Only one stretch of the material below is wanted: everything from the line containing "We found the" down to the line containing "2つのサイドフック付きで傾かずに干せて回転も防止 洗濯物の重さで使い分け干し分けできる2種類のピンチ からまりにくいリングピンチ", both ends included. Repeat it exactly and skip the pictures.

## Data in this exercise
● ● ● ●

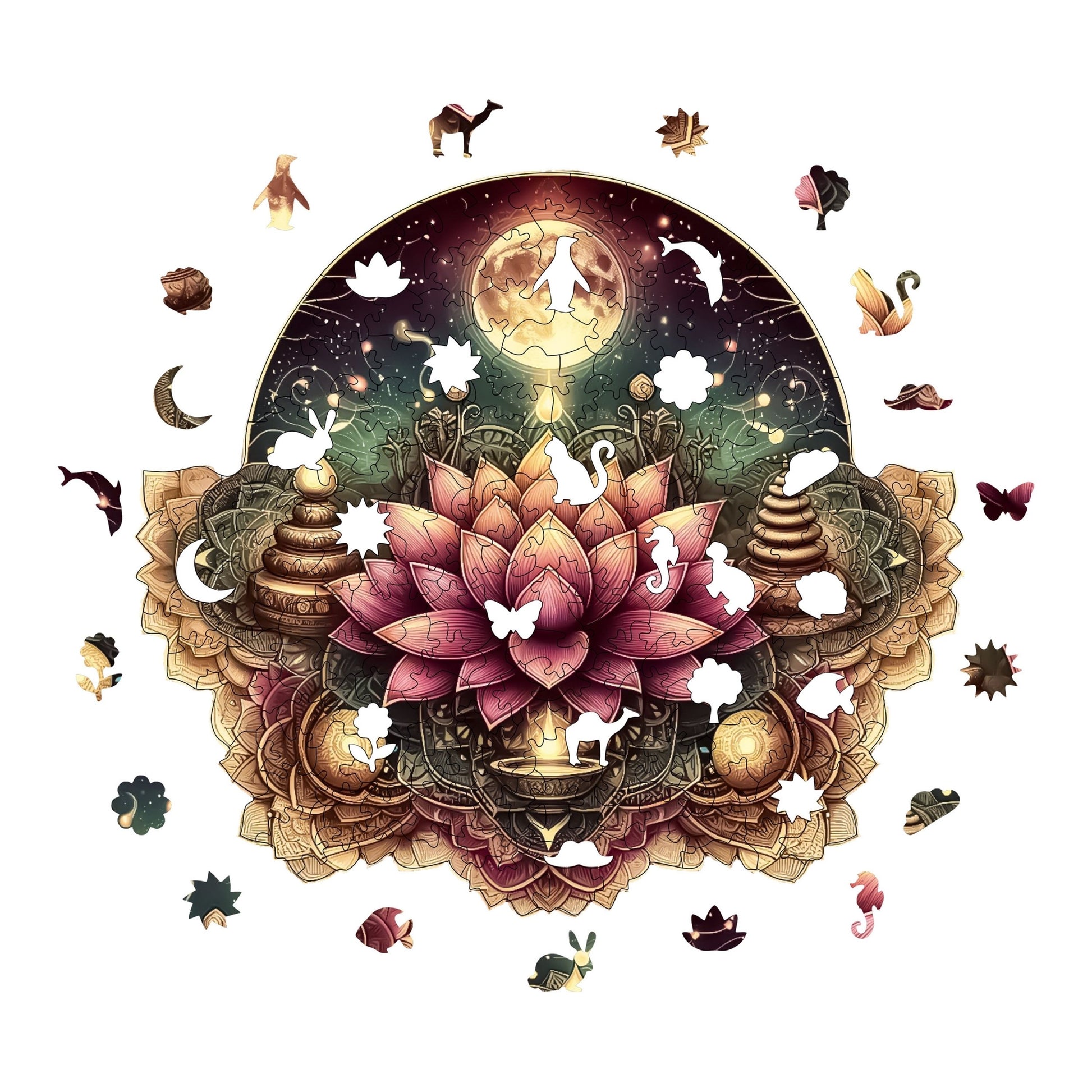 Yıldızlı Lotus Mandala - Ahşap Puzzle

● ● ● ●

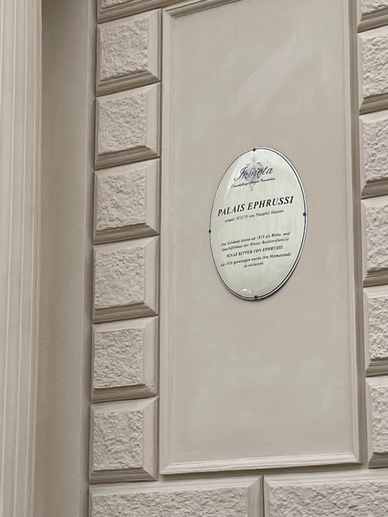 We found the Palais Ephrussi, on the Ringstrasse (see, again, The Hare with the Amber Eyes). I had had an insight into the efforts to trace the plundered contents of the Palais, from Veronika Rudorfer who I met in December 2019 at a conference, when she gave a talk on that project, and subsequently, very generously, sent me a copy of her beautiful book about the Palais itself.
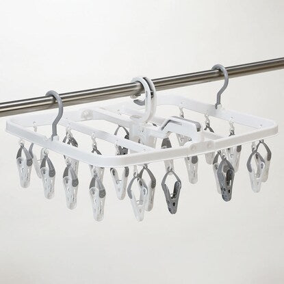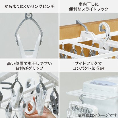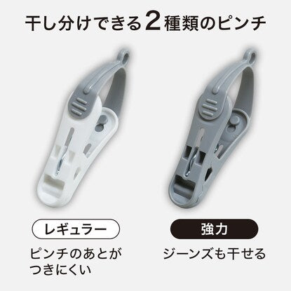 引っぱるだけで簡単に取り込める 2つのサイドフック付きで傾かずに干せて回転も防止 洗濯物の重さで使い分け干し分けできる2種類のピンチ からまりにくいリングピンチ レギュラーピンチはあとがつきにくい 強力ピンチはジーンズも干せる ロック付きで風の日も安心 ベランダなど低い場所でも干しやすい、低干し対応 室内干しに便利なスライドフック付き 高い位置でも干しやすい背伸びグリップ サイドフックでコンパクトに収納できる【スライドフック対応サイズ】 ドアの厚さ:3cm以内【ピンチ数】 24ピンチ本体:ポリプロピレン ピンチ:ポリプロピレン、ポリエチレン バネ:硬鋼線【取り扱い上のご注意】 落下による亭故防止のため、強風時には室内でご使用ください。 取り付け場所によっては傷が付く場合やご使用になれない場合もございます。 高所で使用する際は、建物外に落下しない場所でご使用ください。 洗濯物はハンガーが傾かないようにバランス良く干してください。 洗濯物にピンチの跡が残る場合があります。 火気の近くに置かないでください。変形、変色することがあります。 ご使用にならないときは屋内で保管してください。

● ● ● ●

## Task result
 We found the Palais Ephrussi, on the Ringstrasse (see, again, The Hare with the Amber Eyes). I had had an insight into the efforts to trace the plundered contents of the Palais, from Veronika Rudorfer who I met in December 2019 at a conference, when she gave a talk on that project, and subsequently, very generously, sent me a copy of her beautiful book about the Palais itself.
 引っぱるだけで簡単に取り込める 2つのサイドフック付きで傾かずに干せて回転も防止 洗濯物の重さで使い分け干し分けできる2種類のピンチ からまりにくいリングピンチ レギュラーピンチはあとがつきにくい 強力ピンチはジーンズも干せる ロック付きで風の日も安心 ベランダなど低い場所でも干しやすい、低干し対応 室内干しに便利なスライドフック付き 高い位置でも干しやすい背伸びグリップ サイドフックでコンパクトに収納できる【スライドフック対応サイズ】 ドアの厚さ:3cm以内【ピンチ数】 24ピンチ本体:ポリプロピレン ピンチ:ポリプロピレン、ポリエチレン バネ:硬鋼線【取り扱い上のご注意】 落下による亭故防止のため、強風時には室内でご使用ください。 取り付け場所によっては傷が付く場合やご使用になれない場合もございます。 高所で使用する際は、建物外に落下しない場所でご使用ください。 洗濯物はハンガーが傾かないようにバランス良く干してください。 洗濯物にピンチの跡が残る場合があります。 火気の近くに置かないでください。変形、変色することがあります。 ご使用にならないときは屋内で保管してください。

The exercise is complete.